SELECT …A… FROM …B… WHERE …C…

A：列名

B：表名

C：筛选条件

需求1：
某次经营活动中，商家发起了"异性拼团购"，试着针对某个地区的用户进行推广，找出匹配用户。
思考：
根据需求，我们可以参考实现选出地区城市在北京，性别为女的10个用户名来进行匹配。这个实现可以有很多种，按照你所想的去实现需求即可。

SELECT user_name
FROM user_info
WHERE city='beijing' and sex='female'
limit 10;

limit 10 代表只展现前10行数据。
需求2：
某天，发现食物类的商品卖的很好，你能找出几个资深吃货吗？
思考：
商品种类有很多种，这里需要展现食物类的商品，那么我们挑选具体的某一天看看用户购买食物类商品的数量，金额。

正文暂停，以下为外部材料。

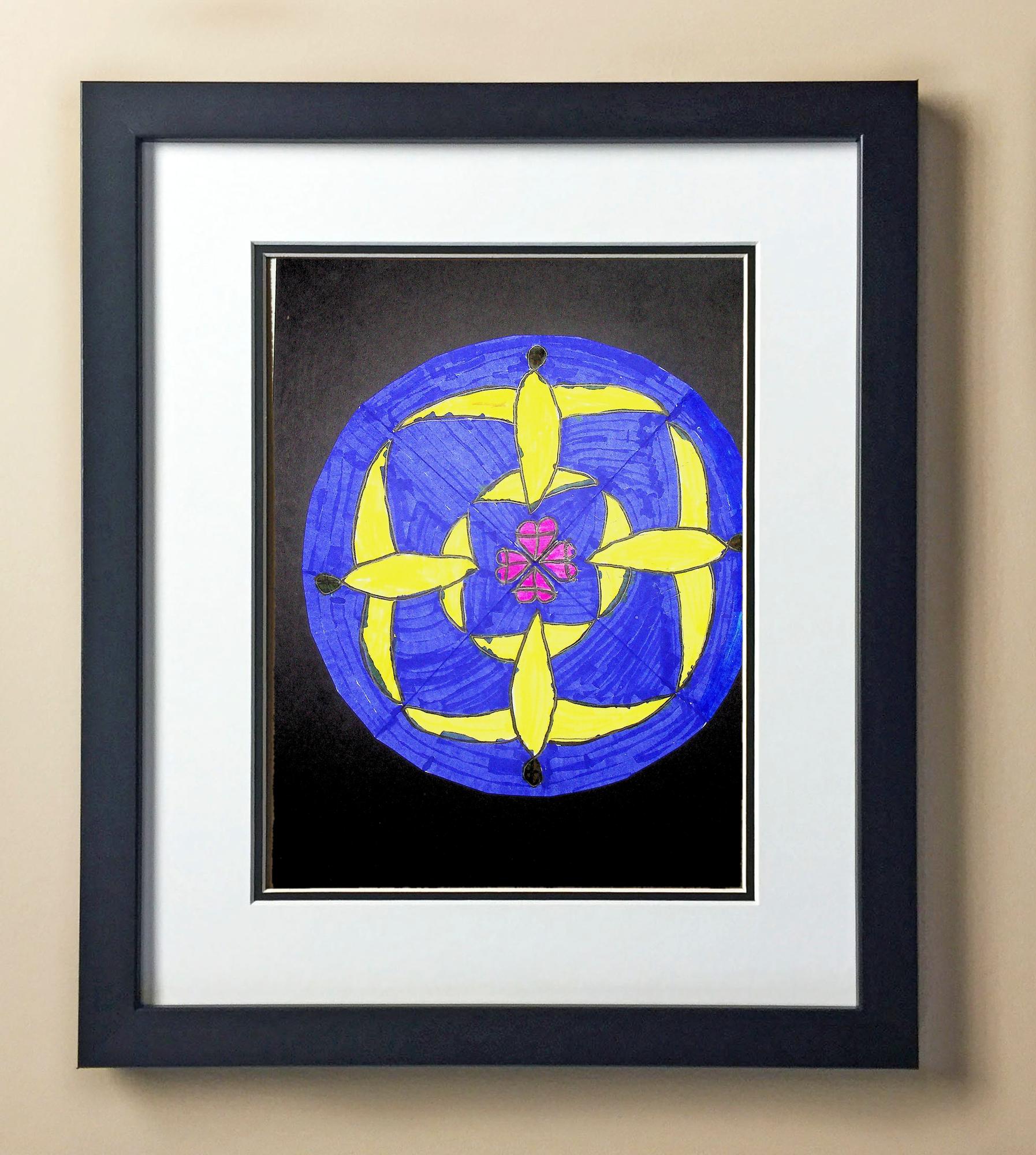 Included with the purchase is the Students Artwork, Frame, double matboard, shatter proof plexiglass, and a ready to hang backerboard with turnbuttons
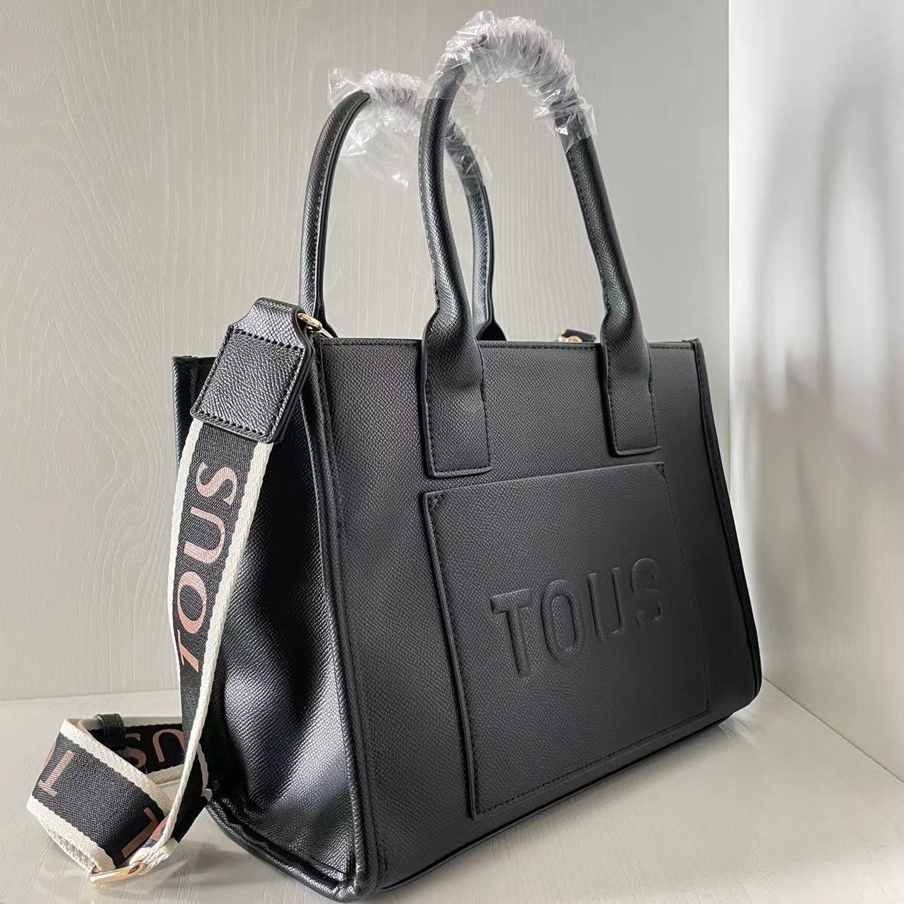 TOUS Medium Black La Rue Amaya Synthetic Leather Shopping Bag. Magnetic buttons open and close. Open the front pocket. There is a zippered pocket inside and two open pockets. Secure the handle and shoulder strap. Measurements: 28 * 13 * 22cm
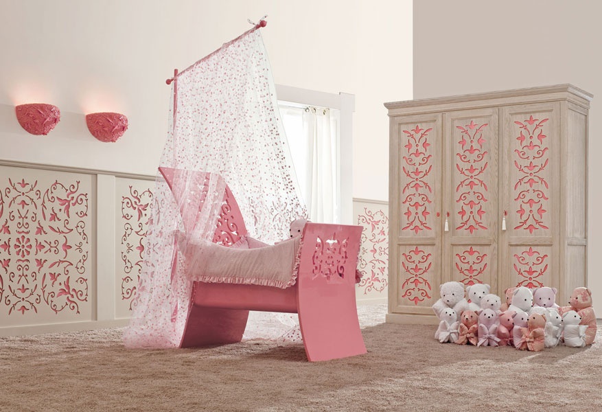 The cradle of baby Andy from the Italian manufacturer Halley. The frame is made from solid wood. Finishing varnish from the company portfolio. Possible decor with gold leaf, carved floral ornament, a cross-cutting thread. Product design, with classical elements. Fill the kid's room a light atmosphere and harmony. Additionally, you can buy the runners for the cradle, direct floor mount for curtains, curtain, bumper for crib.
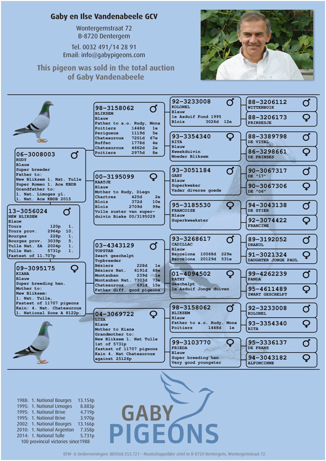其中蓋比的新一代超級種鴿”新閃電號”B13-3056024灰公,以破記錄的新高價376.000euro.拍出(約新台幣$1,350萬元)。
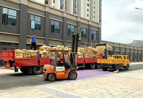 隨著訂單量的日益增長,為提升配送效率,及時保障居民家裝用砂需求,贛昌砂石公司及時召開平價砂石配送保供專題會議,通過會議討論探索出了新的配送模式,即在用砂需求集中且用砂量較大的小區(qū)內(nèi)設立一個流動轉(zhuǎn)運點,安排載重量較大的半掛車將袋裝砂石從配送站點轉(zhuǎn)運至流動轉(zhuǎn)運點,再由載重量較小的配送車輛分裝送到客戶家中,極大提升了配送效率。
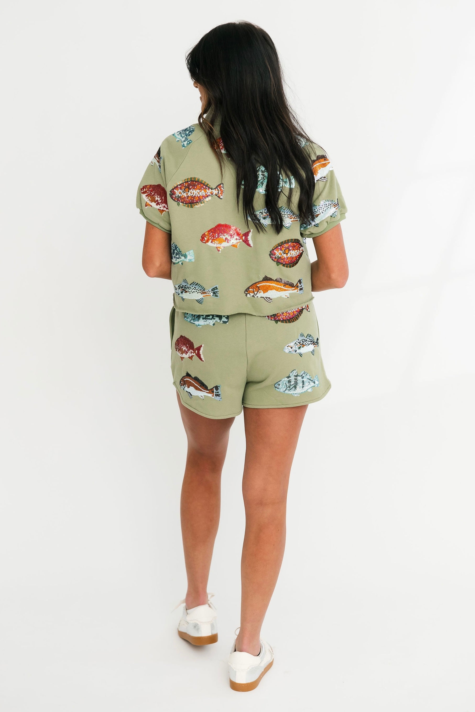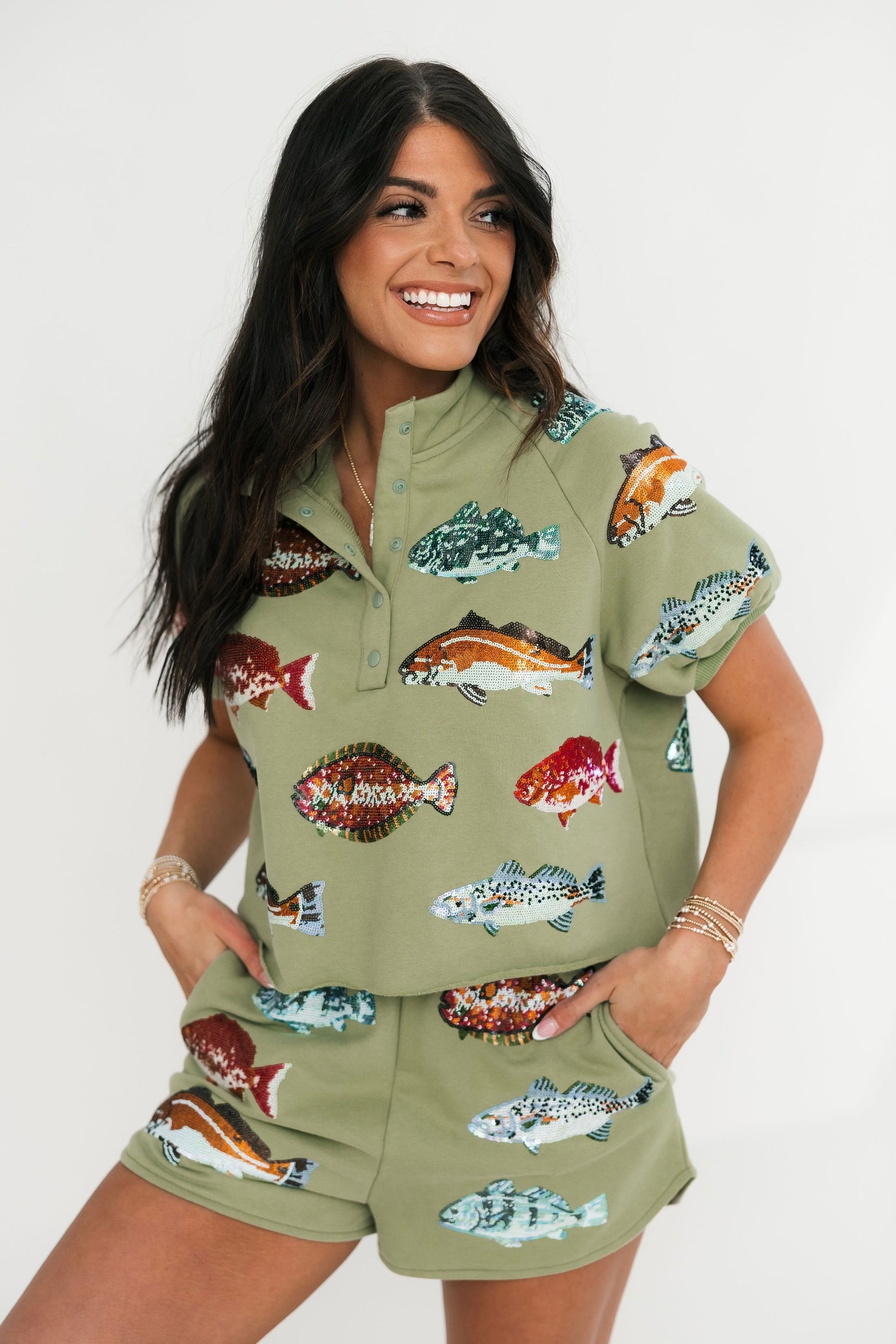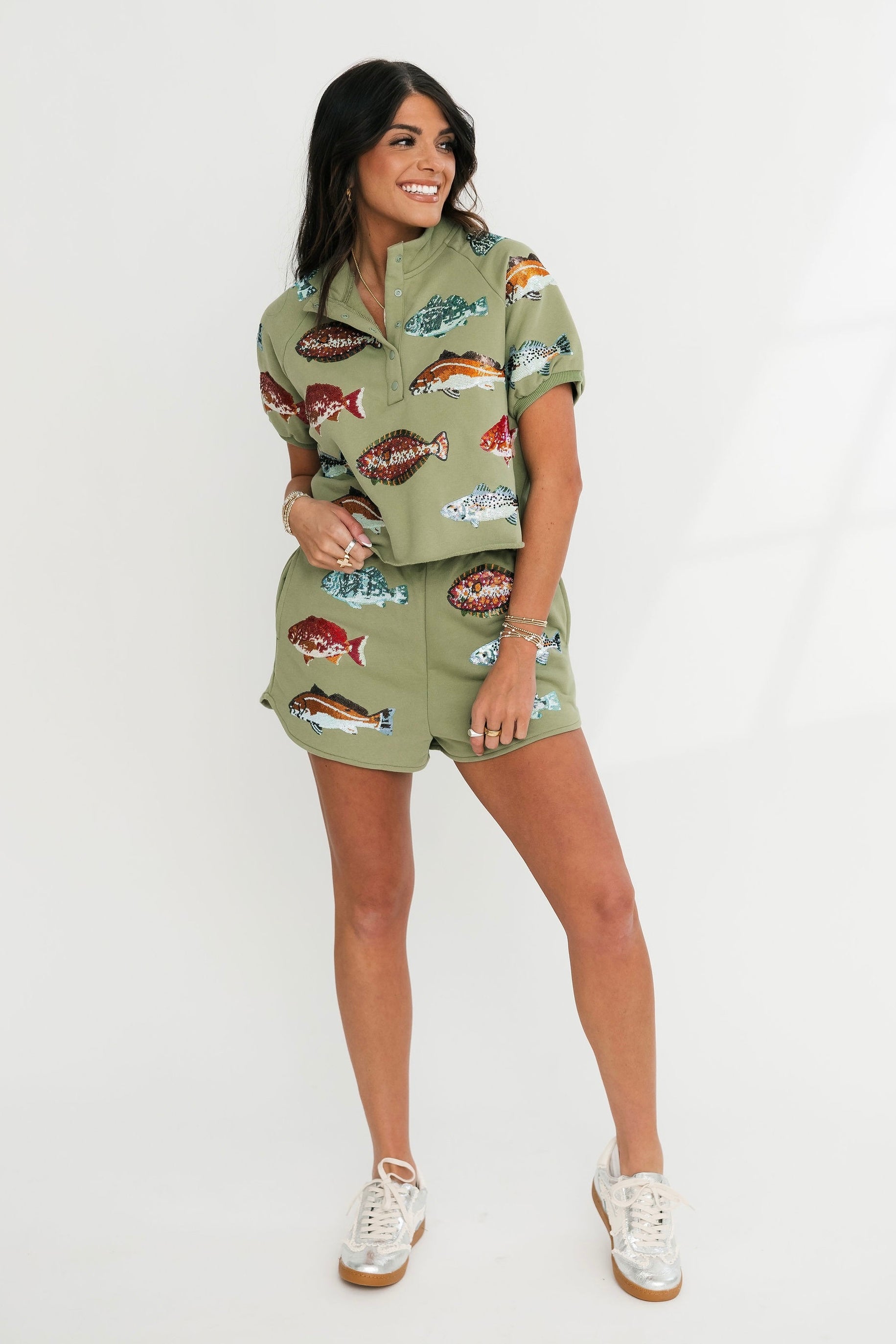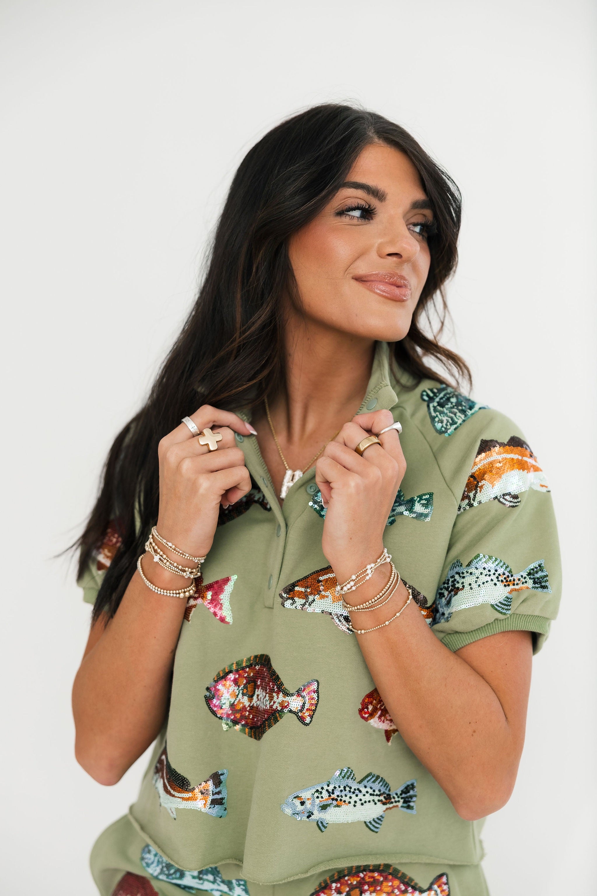 Green Multi Fish Henley Top | Queen Of Sparkles

我们选在2019年6月18日，购买的商品品类是food的用户名、购买数量、支付金额

SELECT user_name,piece,pay_amount
FROM user_trade
WHERE dt='2019-06-18' and goods_category='food' ;

注意：如果该表是一个分区表，则WHERE条件中必须对分区字段进行限
制。

GROUP BY
分组函数：分类汇总

需求3：
试着对本公司2019年第一季度商品的热度与价值度进行分析。
思考：
首先筛选条件，需求需要的是2019年第一季度，那么我们选择2019年的1月-3月，商品的热度和价值度要看你怎么理解，这里我们通过查看不同类商品的购买人数和购买金额来分析。

SELECT goods_category,
count(distinct user_name) as user_num,
sum(pay_amount) as total_amount
FROM user_trade
WHERE dt between '2019-01-01' and '2019-03-31'
GROUP BY goods_category;

这里的不同类商品我们就用到了分组函数group by 来实现。
distinct 去重、count 计数、sum 求和、between...and... 两者之间
这里给大家整理一下常用的聚合函数：

count()：计数 count(distinct ……) 去重计数

sum()：求和

avg()：平均值

max()：最大值

min()：最小值

GROUP BY …… HAVING
HAVING：对GROUP BY的对象进行筛选，是对聚合结果进行筛选而不是对
原表进行筛选。

需求4-1：
2019年4月，支付金额超过5万元的用户。给VIP用户赠送优惠劵。
思考：
直接筛选2019年4月，计算支付金额，统计支付金额大于5万元的用户。

SELECT user_name,
sum(pay_amount) as total_amount
FROM user_trade
WHERE dt between '2019-04-01' and '2019-04-30'
GROUP BY user_name
HAVING sum(pay_amount)>50000;

HAVING对聚合函数结果进行筛选。

ORDER BY
ASC：升序(默认，不写的时候默认就是升序)
DESC：降序
对多个字段进行排序：ORDER BY A ASC , B DESC 每个字段都要指定
升序还是降序！

需求4-2：
2019年4月，支付金额最多的TOP5用户
思考：
直接筛选2019年4月，统计支付总额，选出前5名用户。

SELECT user_name,
sum(pay_amount) as total_amount
FROM user_trade
WHERE dt between '2019-04-01' and '2019-04-30'
GROUP BY user_name
ORDER BY total_amount DESC
limit 5;

注意：
为什么ORDER BY 后面不直接写sum(pay_amount)而是用total_amount？
不可以写：ORDER BY sum(pay_amount) DESC
——原因：执行顺序！！！ORDER BY的执行顺序在SELECT之后，所以需
使用重新定义的列名进行排序。

执行顺序

FROM → WHERE → GROUP BY → HAVING → SELECT → ORDER BY

2、常用函数：

（1）如何把时间戳转化为日期？

在这里插入图片描述
可以看到user_trade这张表中字段pay_time是时间戳类型的值。
例：

 SELECT pay_time,
from_unixtime(pay_time,'yyyy-MM-dd hh:mm:ss')
FROM user_trade
WHERE dt='2019-04-09';

from_unixtime(bigint unixtime, string format)：将时间戳转化为指定格式的日期，bigint unixtime时间戳的字段名
format：

yyyy-MM-dd hh:mm:ss

yyyy-MM-dd hh

yyyy-MM-dd hh:mm

yyyyMMdd

有把时间戳转换为日期格式，那么也有将日期转换为时间戳
利用 unix_timestamp 进行转换

（2）如何计算日期间隔？

需求5：
去年的劳动节新用户推广活动价值分析。即拉新分析。
思考：
劳动节的推广活动分析，那么我们可以统计用户的首次激活时间与2019年5月1日的日期间隔。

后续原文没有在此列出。